→ Aim of the exercise
From the line containing "Шкіряний чокер (ar-004)" down to the line containing "dream in india." in the records below, reproduce every line exactly, ends included, and omit all others.

**** Data shown ****

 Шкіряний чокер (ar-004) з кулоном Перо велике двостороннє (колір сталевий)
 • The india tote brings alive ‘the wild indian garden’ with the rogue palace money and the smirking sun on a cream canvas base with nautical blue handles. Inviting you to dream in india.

****
**** Data shown ****

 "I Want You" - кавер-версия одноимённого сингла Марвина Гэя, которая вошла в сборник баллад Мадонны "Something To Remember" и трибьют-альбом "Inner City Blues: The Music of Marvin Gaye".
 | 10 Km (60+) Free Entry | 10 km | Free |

****

→ Solution to the exercise
 Шкіряний чокер (ar-004) з кулоном Перо велике двостороннє (колір сталевий)
 • The india tote brings alive ‘the wild indian garden’ with the rogue palace money and the smirking sun on a cream canvas base with nautical blue handles. Inviting you to dream in india.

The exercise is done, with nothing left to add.